## SUPPLIED INFORMATION
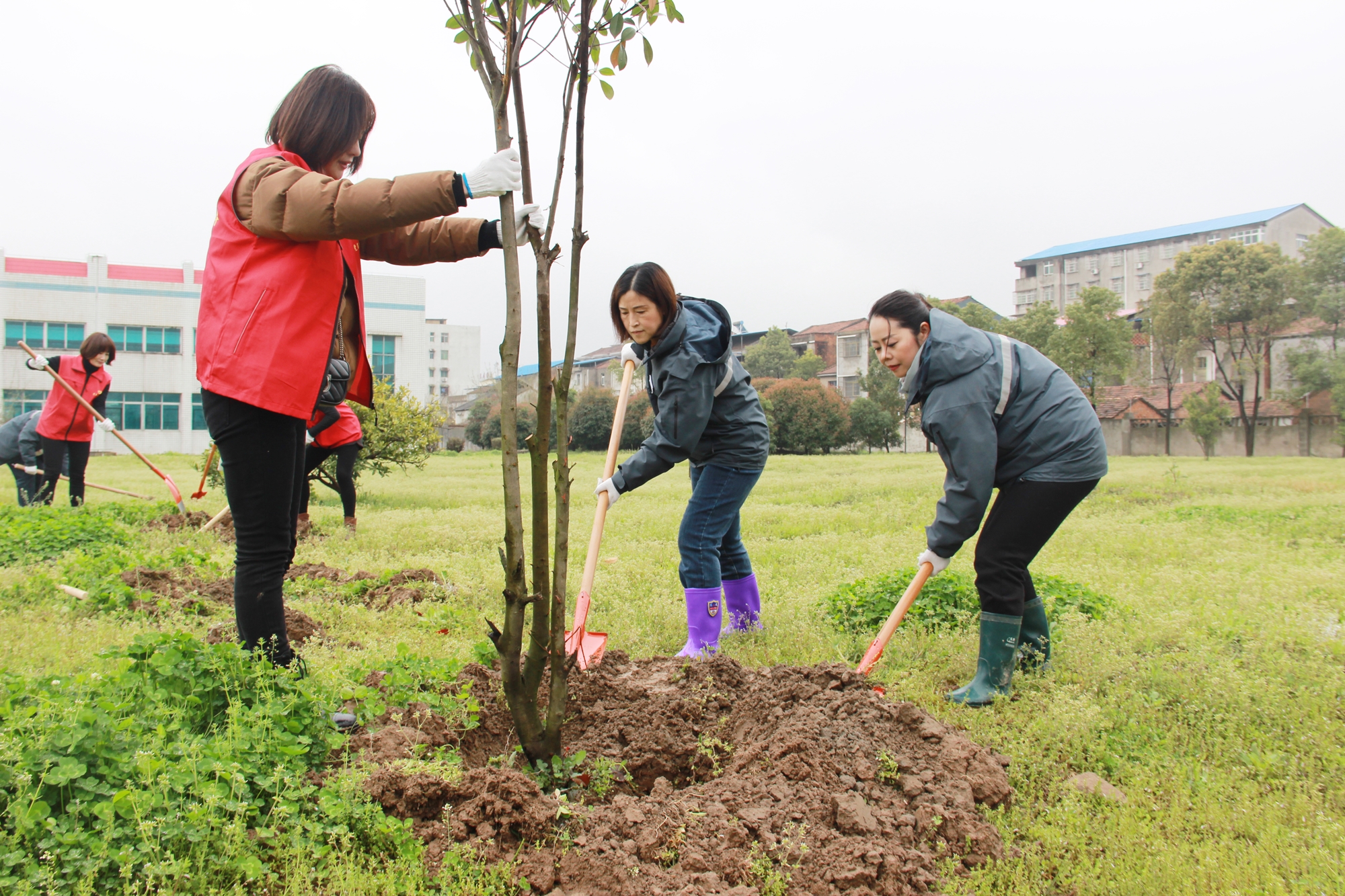 圖:植樹節合影 “人不負青山,青山定不負人”。新時代的主題篇章是人與自然共同和諧發展,生態興則文明興,只有留住綠水青山才能打造我們的金山銀山。植樹造林,利在當下,功在千秋。一顆小小的樹苗不僅僅代表著當下的環境綠化,更意味著碧水藍天的宏圖愿景。 11日上午,公司所有黨員及部分群眾代表乘坐大巴車來到公司下屬潘灣水廠進行植樹活動。習習春風略帶寒意,但眾人滿腔熱忱。大家紛紛拿起鐵鍬、鋤頭等工具,分工協作。搬運樹苗、樹坑定位、挖坑測量、栽樹扶直、回填澆水,每一個步驟都認真對待,不怕臟、不嫌累,所有人員一鼓作氣,團結協作,即使身上沾上了泥土,也一刻沒有停歇,好一幅熱火朝天的景象。經過一上午的勞作,100余顆小樹在水廠里“安家落戶”,伴著春風微微浮動,愿來年的這里枝繁葉茂,綠蓋如陰。
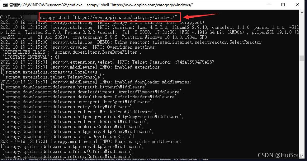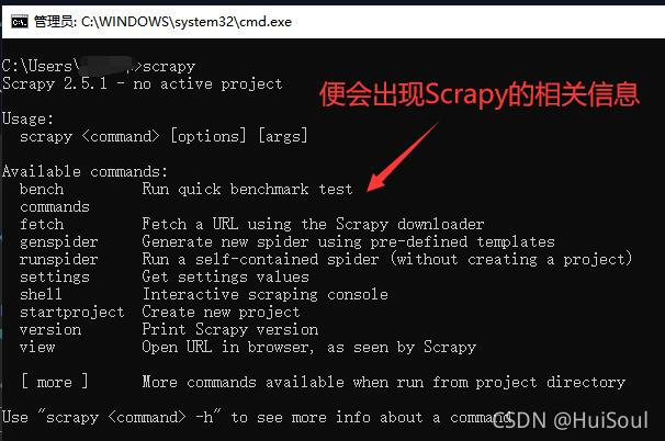 然后,我們?cè)诿钚猩锨蒙?mark>scrapy,便會(huì)顯示scrapy的信息,這樣就代表安裝成功啦!
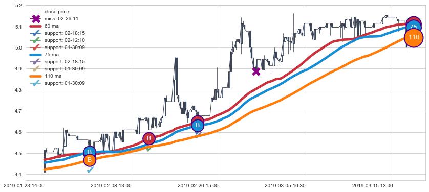 上涨趋势01-23 14:00-03-18 15:00,均线75, 60, 110确认关键支撑3处

## WORK INSTRUCTION
Please repeat the data verbatim and leave the pictures out of your copy.

## COMPLETED TASK
 圖:植樹節合影 “人不負青山,青山定不負人”。新時代的主題篇章是人與自然共同和諧發展,生態興則文明興,只有留住綠水青山才能打造我們的金山銀山。植樹造林,利在當下,功在千秋。一顆小小的樹苗不僅僅代表著當下的環境綠化,更意味著碧水藍天的宏圖愿景。 11日上午,公司所有黨員及部分群眾代表乘坐大巴車來到公司下屬潘灣水廠進行植樹活動。習習春風略帶寒意,但眾人滿腔熱忱。大家紛紛拿起鐵鍬、鋤頭等工具,分工協作。搬運樹苗、樹坑定位、挖坑測量、栽樹扶直、回填澆水,每一個步驟都認真對待,不怕臟、不嫌累,所有人員一鼓作氣,團結協作,即使身上沾上了泥土,也一刻沒有停歇,好一幅熱火朝天的景象。經過一上午的勞作,100余顆小樹在水廠里“安家落戶”,伴著春風微微浮動,愿來年的這里枝繁葉茂,綠蓋如陰。
 然后,我們?cè)诿钚猩锨蒙?mark>scrapy,便會(huì)顯示scrapy的信息,這樣就代表安裝成功啦!
 上涨趋势01-23 14:00-03-18 15:00,均线75, 60, 110确认关键支撑3处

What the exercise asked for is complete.